Like in the physics case on Tuesday, there is also a trio -Jacques Dubochet, Joachim Frank and Richard Henderson – which won the Nobel prize in chemistry.
This year’s prize has been awarded for developing cryo-electron microscopy for the high resolution structure determination of biomolecules in solution.
Jacques Dubochet is from the University of Lausanne, Switzerland; Joachim Frank comes from the Columbia University, New York, USA and Richard Henderson from the MRC Laboratory of Molecular Biology, Cambridge, UK.
The cryo-electron microscopy both simplifies and improves the imaging of biomolecules. This method has moved biochemistry into a new era, says the Royal Swedish Academy of Sciences.
Electron microscopes were long believed to only be suitable for imaging dead matter, because the powerful electron beam destroys biological material. But in 1990, Richard Henderson succeeded in using an electron microscope to generate a three-dimensional image of a protein at atomic resolution. This breakthrough proved the technology’s potential.
Joachim Frank made the technology generally applicable. Between 1975 and 1986 he developed an image processing method in which the electron microscope’s fuzzy twodimensional images are analysed and merged to reveal a sharp three-dimensional structure.
Jacques Dubochet added water to electron microscopy. Liquid water evaporates in the electron microscope’s vacuum, which makes the biomolecules collapse. In the early 1980s, Dubochet succeeded in vitrifying water – he cooled water so rapidly that it solidified in its liquid form around a biological sample, allowing the biomolecules to retain their natural shape even in a vacuum.

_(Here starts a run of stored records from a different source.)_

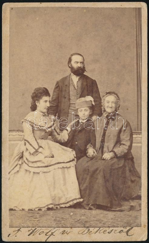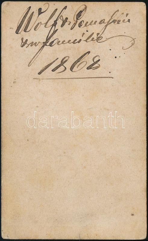 1868 A Wolf család Békésről, keményhátú fotó, 10×6 cm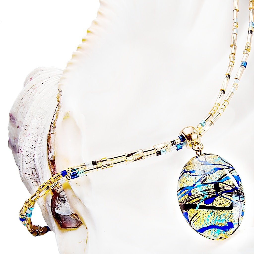 Naszyjnik damski Blue Spy z 24-karatowym złotem w perle Lampglas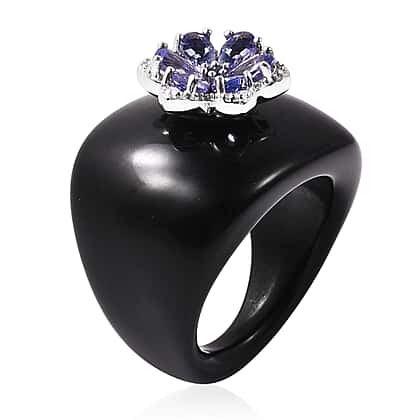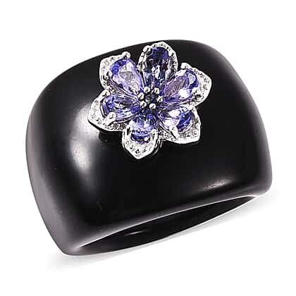 Black Onyx, Tanzanite and Madagascar Blue Sapphire Floral Ring in Rhodium Overlay Sterling Silver 51.80 Ct.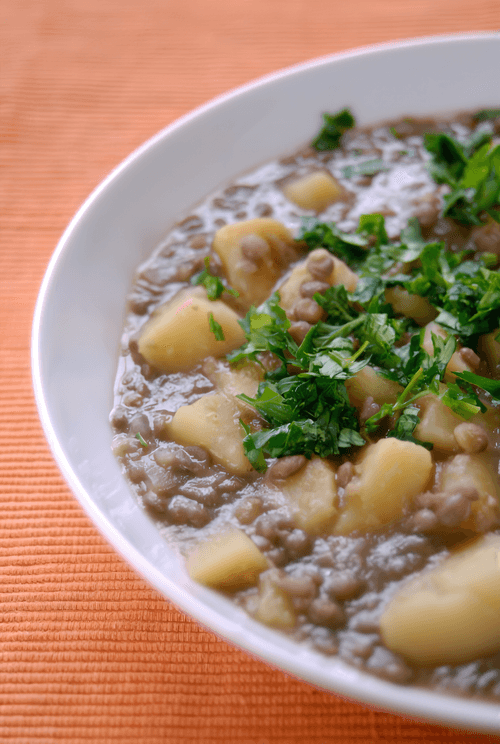 Cook the soup until the potatoes are done. Then remove it from the heat, let it cool slightly, and add green peas.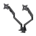 サンワサプライ CR-LAC2403BKは、デュアルモニター対応のガススプリング式モニターアームです。薄型ショートクランプでスペースを有効活用し、ブラックデザインでスタイリッシュ。モニターの角度や高さを自在に調整できます。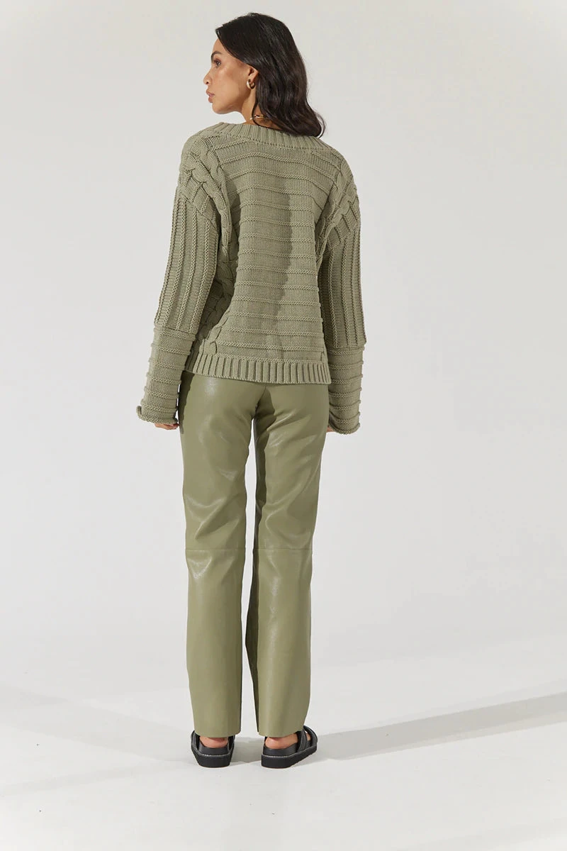 Introducing the Influence Leatherette Pants from Sovere Studio in this season’s coolest shade of Green Tea. Featuring a mid rise and a boot leg silhouette these are sure to be on high rotation in your wardrobe through the cooler months. Pair with Shadow Knit Sweater for a tonal look or your favourite band tee and blazer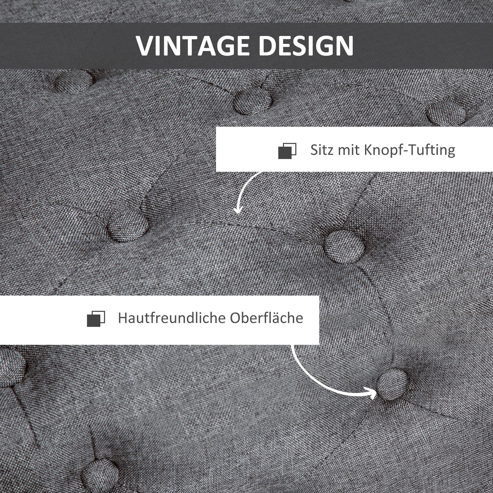 Mit dieser Sitzbank von HOMCOM wird auch eine einfache Sitzgelegenheit zum Blickfang. Die ansprechenden, mit Knöpfen versehenen Details und der atmungsaktive Stoff von der Bettbank verleihen Ihrem Zuhause einen Hauch von Vintage-Glamour. Mit reichlich Stauraum im Inneren ist diese Sitzbank eine elegante und zugleich praktische Wahl für eine zusätzliche Sitzgelegenheit im Eingangsbereich, im Wohnzimmer oder im Schlafzimmer.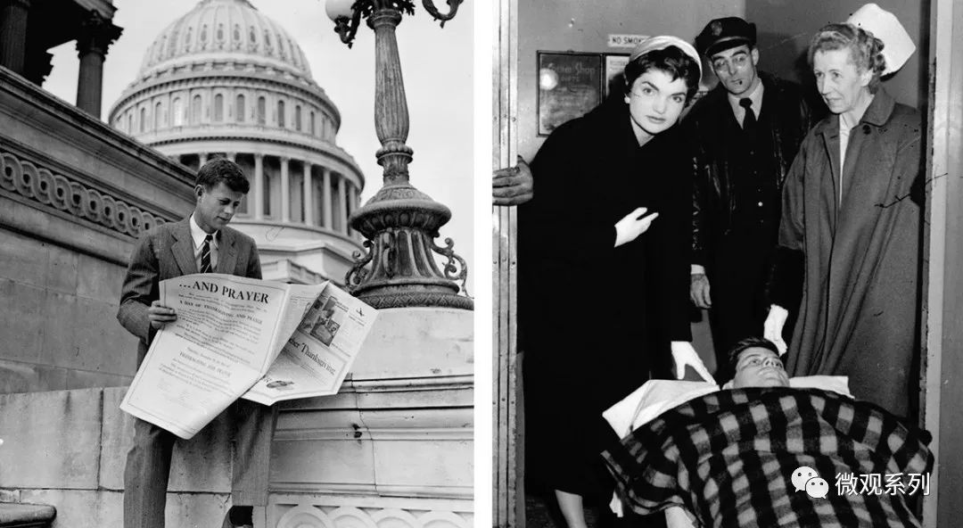 于是在肯尼迪入院做手术前,找了媒体来拍摄他躺在病床上的照片,然后旁边配以他健康时在国会前认真看报的图片,以表示肯尼迪一心为国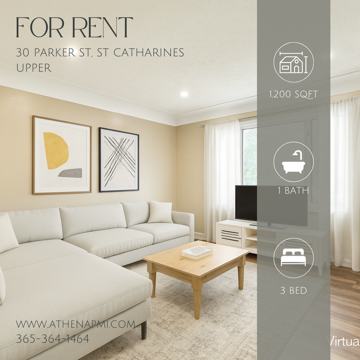This spacious 3-bedroom, 1-bathroom main floor apartment offers approximately 1,200 sq ft of comfortable living space. Located in a quiet residential area, this unit is perfect for those seeking privacy, space, and convenience in a central St. Catharines location.
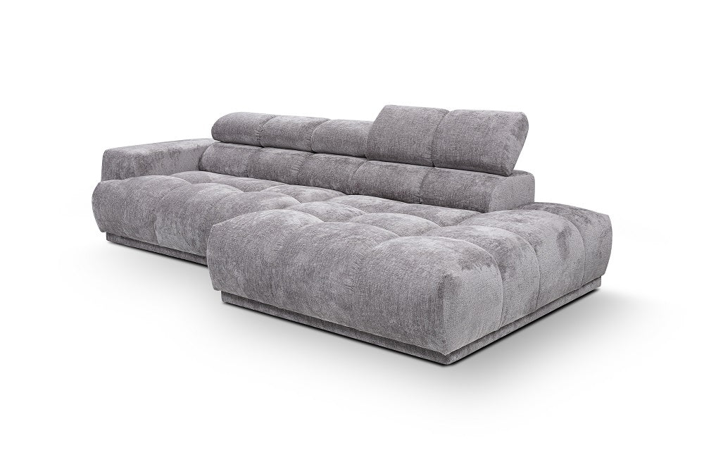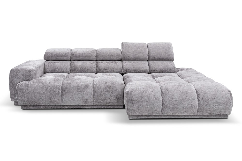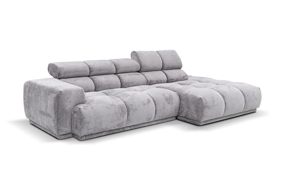 Sofa narożna Chani PR3 oferuje komfort dostosowany do indywidualnych potrzeb dzięki różnorodności tkanin tapicerskich, które dopasujesz do swojego stylu. Wykonana z wytrzymałej konstrukcji z drewna sosnowego, wyposażona jest w wysokoelastyczną piankę i szelki tapicerskie zapewniające trwałe podparcie. Plastikowe nóżki gwarantują trwałość, a dwa regulowane zagłębnik zapewniają spersonalizowany relaks. Jej przestronne wymiary — 280 cm szerokości, 150 cm długości i 71/86 cm wysokości — oraz głębokość siedziska wynosząca 66 cm sprawiają, że jest idealnym centralnym elementem Twojej przestrzeni salonowej.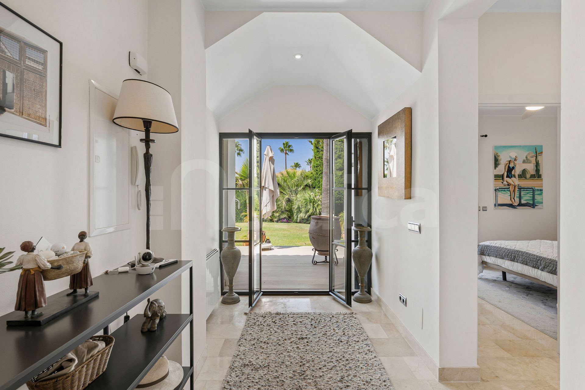 Diese charmante Villa befindet sich in einer ruhigen Sackgasse innerhalb der exklusiven, gesicherten Wohnanlage des Marbella Country Club, einer der begehrtesten Wohngegenden von Nueva Andalucía. Das Anwesen liegt auf einem ebenen, privaten und nach Süden ausgerichteten Grundstück und bietet eine perfekte Kombination aus Komfort, Eleganz und Funktionalität – ideal sowohl für das ganzjährige Wohnen als auch für den Urlaub.

Following these discoveries, the electron microscope’s every nut and bolt have been optimised. The desired atomic resolution was reached in 2013, and researchers can now routinely produce three-dimensional structures of biomolecules. In the past few years, scientific literature has been filled with images of everything from proteins that cause antibiotic resistance, to the surface of the Zika virus. Biochemistry is now facing an explosive development and is all set for an exciting future.